__Exercise directions__.
Set down the data below word for word, and leave the images aside.

__Supplied data__.
# # # # #

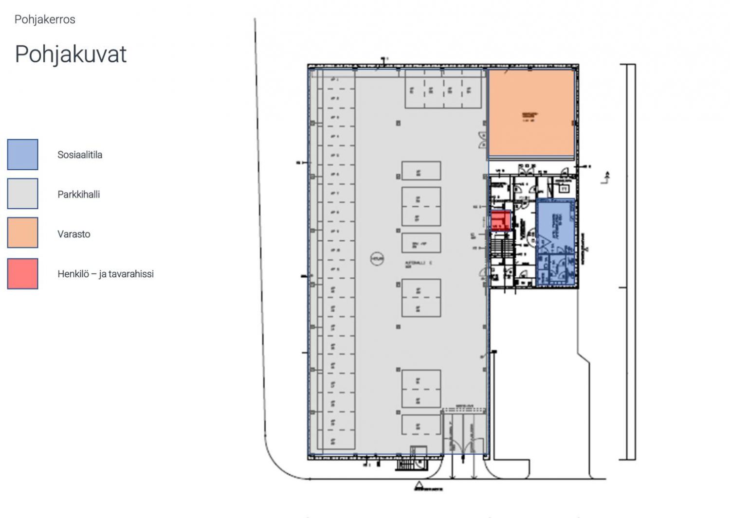 Yhteensä 38 autopaikkaa: hallissa 33, pihalla 5. Pohjakerroksen hallissa 32 merkittyä autopaikkaa.
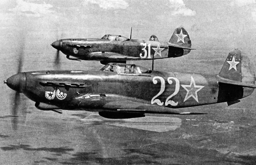 Dvojice sovětských Jaků-9D. Letoun měl dřevěnou kostru potaženou překližkou a šlo o stroj zcela jiné koncepce než americké stíhačky P-38 Lightning (viz foto vlevo). 6 | První akordy studené války
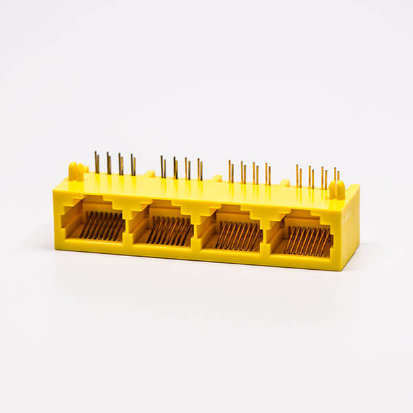 rj45母座pcb黃色全塑彎式4口8P不帶燈
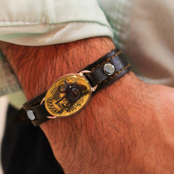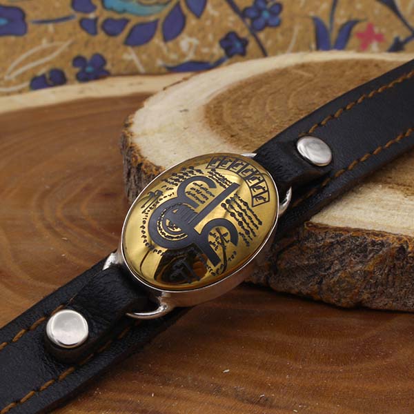 دستبند حدید صینی نقره چرم طبیعی مشکی مردانه و زنانه طرح عین علی (ع) + حرز امام جواد (ع)

# # # # #

__Final answer__.
 Yhteensä 38 autopaikkaa: hallissa 33, pihalla 5. Pohjakerroksen hallissa 32 merkittyä autopaikkaa.
 Dvojice sovětských Jaků-9D. Letoun měl dřevěnou kostru potaženou překližkou a šlo o stroj zcela jiné koncepce než americké stíhačky P-38 Lightning (viz foto vlevo). 6 | První akordy studené války
 rj45母座pcb黃色全塑彎式4口8P不帶燈
 دستبند حدید صینی نقره چرم طبیعی مشکی مردانه و زنانه طرح عین علی (ع) + حرز امام جواد (ع)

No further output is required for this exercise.